Watching a Fred Astaire movie is better for a bad mood than an anti-depression pill. His graceful style and his dancing feet and the wonderful gowns on his leading ladies. Tonight I am watching him on Turner Classic movie station in "Three Little Words". Turner Classic is a a national treasure, and we are lucky that they show films all the other channels have put on the back shelf.
There is an elegance to these older movies, to the musicals, and the old westerns  To the black ties and the polished shoes. When was Fred ever disheveled? The carnation in the pocket, the black tie were always perfect.Nothing vulgar, no entire sentences composed of four letter words .Back then"gosh" was the closest  thing to an expletive heard on the screen .

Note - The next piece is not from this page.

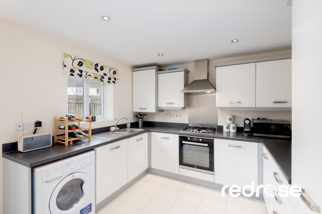 KITCHEN/DINER 10' 2" x 15' 8" (3.1m x 4.8m) Range of wall and base units in white with contrasting worktops. Space for washing machine, single oven, 4 ring gas hob with extractor fan over and 11/2 bowl stainless steel sink. Double glazed window to rear garden, double glazed patio doors to rear garden, vinyl flooring and downlights.

And now Mr Astaire, dressed in a cranberry colored bathrobe is reading a newspaper ,and listening  to the radio. He is talking to his wife in person, not text messaging or playing on a computer, not watching football  on a big screen TV.This movie was released in 1950, the year I was born.
Ah, the fifties. They were a different world-There will never be another Astaire.